What the best wrinkle creams have

  • Retinol. Also known as vitamin A, retinol is an antioxidant that neutralize free radicals to repair existing damage and prevent further damage. The most powerful formulas have up to 2 percent retinol. But the best creams also have other ingredients to smooth, soothe and moisturize skin. Retinol can cause irritation, so those who can't tolerate it should look for other antioxidant compounds. It's also best used at night since retinol can break down under sunlight and even make your skin more prone to sun-induced damage.
  • Other antioxidant compounds. If your skin can't tolerate retinol, look for other antioxidants such as, vitamin C (ascorbic acid), alpha hydroxyl, tea and grape seed extracts and niacinamide, to name just a few.
  • Opaque packaging. Several anti-aging ingredients, namely antioxidants and retinol, can become ineffective and damaged when they come in contact with light and air, so look for containers that limit exposure. The best are packaged in pump-style containers or squeeze-type tubes. Screw-lid jars not only can degrade; putting fingers into jars to "scoop" products out can introduce bacteria. Some serums that are targeted at deep wrinkle repair come in eye-dropper type packaging, which can be awkward to use until you get used to it.
  • No fragrance. There are plenty of facial creams out there that still have fragrances even though experts say fragrances are never preferred. Many people don't mind light fragrances, but many others say they absolutely will not buy a product with fragrance as an ingredient. Not only are fragrances more apt to cause irritation, either of the skin or the respiratory tract, multi-fragranced products can result in a bewildering array of different odors. The lack of fragrance can also make the product more suitable for men.

Know before you go

Do you have to spend a lot to get results? The answer to that is an unequivocal no! Experts say that the ingredients list -- and not the price tag -- is the best indicator of quality and that some of the best wrinkle creams can be found at the drugstore for a fraction of the cost of department store brands, yet with the same ingredients.

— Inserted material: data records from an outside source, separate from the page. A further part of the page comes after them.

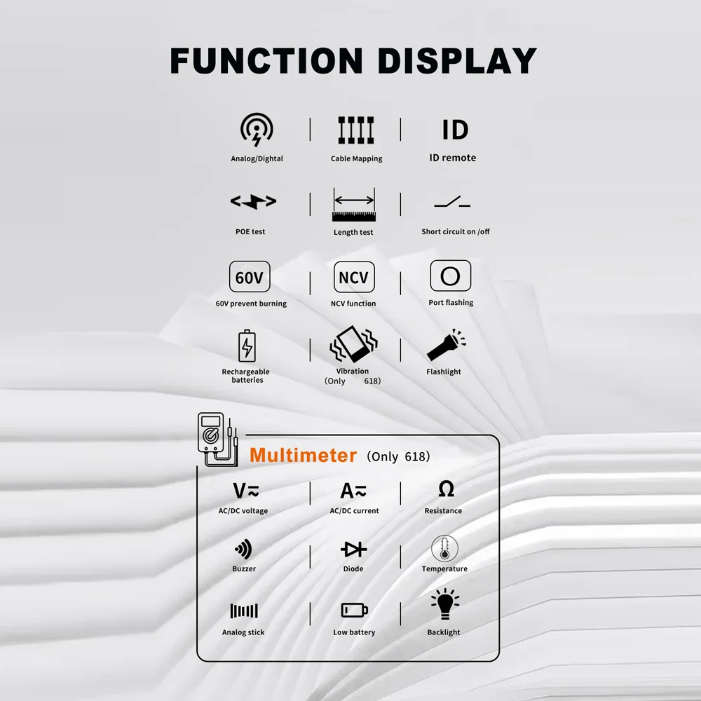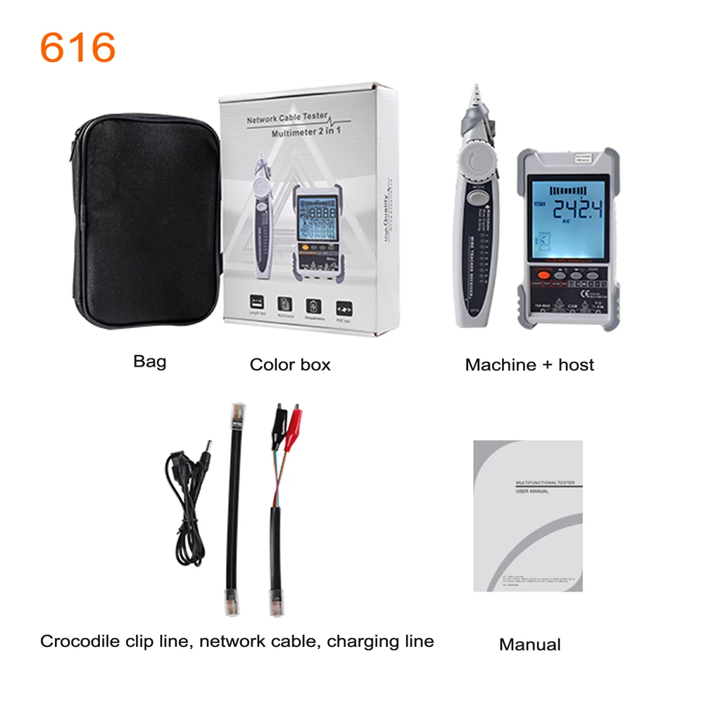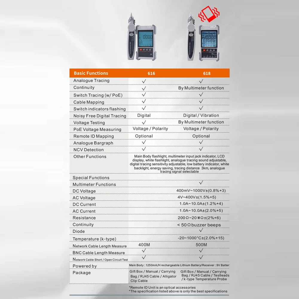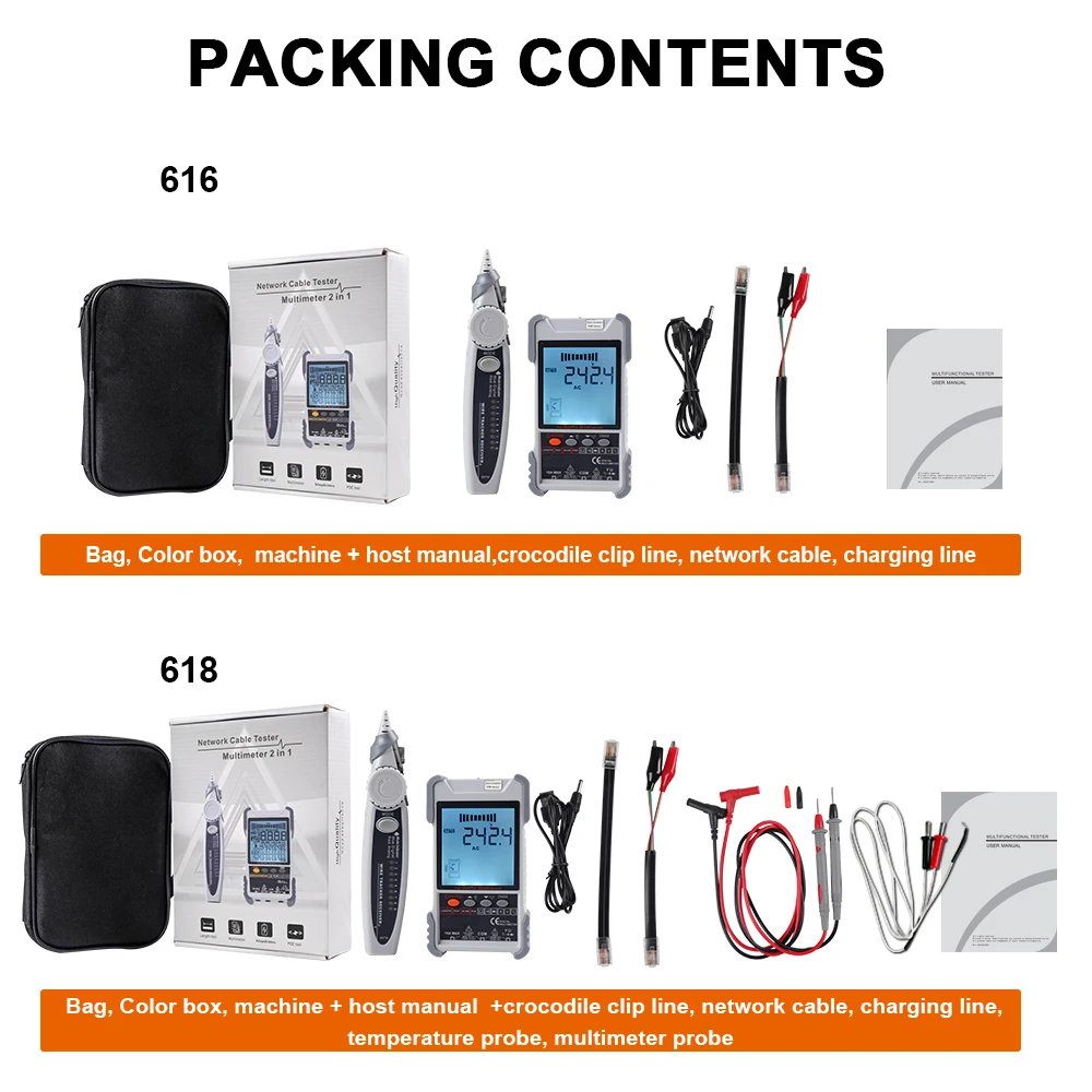 ET616/ET618 Optional: There are two different types for you to choose. The network cable length measuring ranges of ET616 is 400M, and the ranges of ET618 is 500M. Only ET618 has the multimeter functions.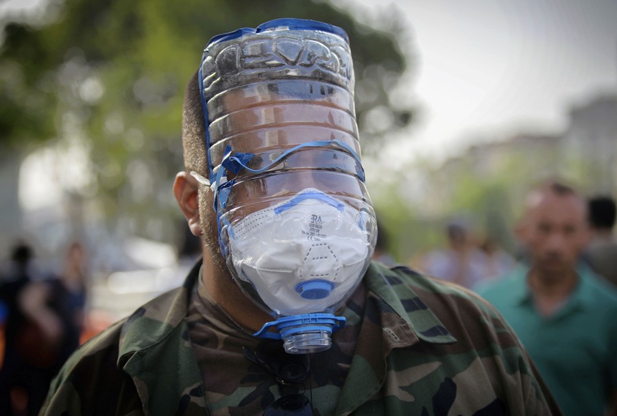 Read moreIn this Thursday, May 30, 2013 photo, a man wears a make-shift gas-mask hours before riot police used tear gas and pressurized water to quash a peaceful demonstration by hundreds of people staging a sit-in protest to try and prevent the demolition of trees at an Istanbul park. #
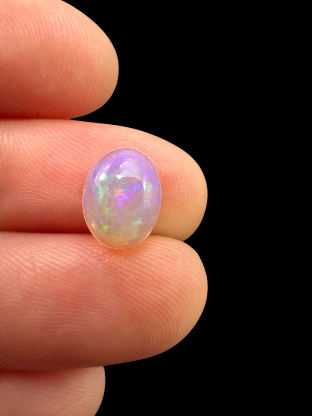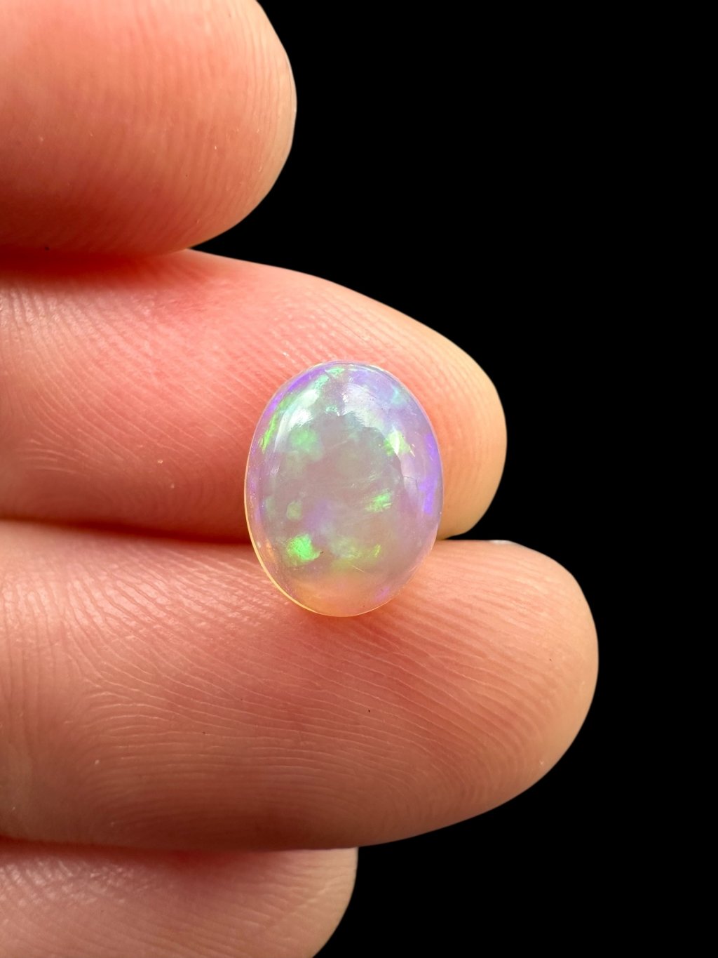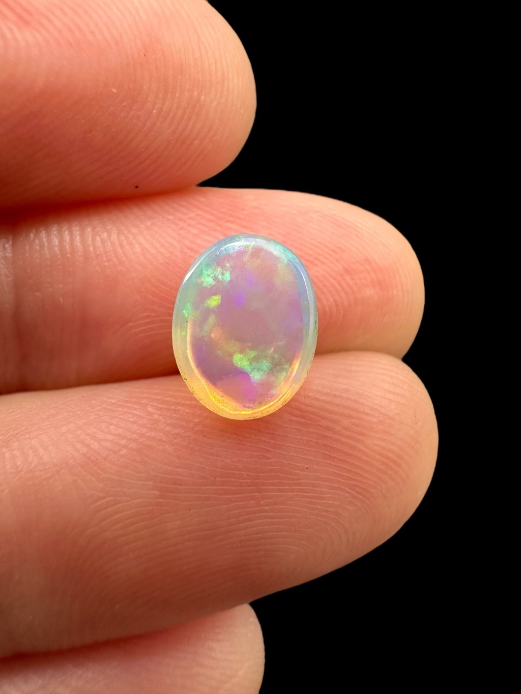 Ethiopian cabochons boast a wide range of colors—from light, milky whites through yellow and orange tones to intense red and green flashes. Many stones even display rare blue or violet play-of-color. Thanks to the cabochon shape, these colors flow smoothly across the domed surface.

What degree of wrinkle fighting do you need? If your main goal is to prevent future fine lines and wrinkles, a good antioxidant cream and daily applications of sunscreen are your best bet. If you're just starting to show some signs of aging, an over-the-counter retinol cream -- with additional preventative ingredients -- is a good place to start. Stronger over-the-counter or prescription-strength retinol creams may be needed for more prominent lines and wrinkles.

Is your complexion starting to look dull? A wrinkle cream containing vitamin C (ascorbic acid) and alpha or beta hydroxy acids can help smooth skin texture and brighten your complexion.

Do you have dark spots and uneven pigmentation? Look for a cream that contains hydroquinone to even out your skin tone.

Do you have sensitive skin? The more powerful antioxidants, like retinol, can be irritating. You may want to try it out on your inner arm first to be sure it doesn't cause problems for you before you slater it all over your face. Or, try it out on a Friday night if you have a weekend off to recover.

Try to obtain sample sizes. This can save you a lot of money in wasted product. If you try it and don't like it -- or it makes you break out -- you're out very little. Many higher-end departments store brands, which tend to cost more, have sample packets. Drugstore brands are fairly inexpensive to begin with, so you won't feel as bad if those don't work for you.

Can you be realistic? Wrinkle creams won't work miracles. Instead, results are often very subtle, and any changes take time. Fast, dramatic results are only available through cosmetic procedures. In addition, results can vary. Not everyone experiences the same reaction to a specific product, so it might take some trial and error to find a product you're happy with.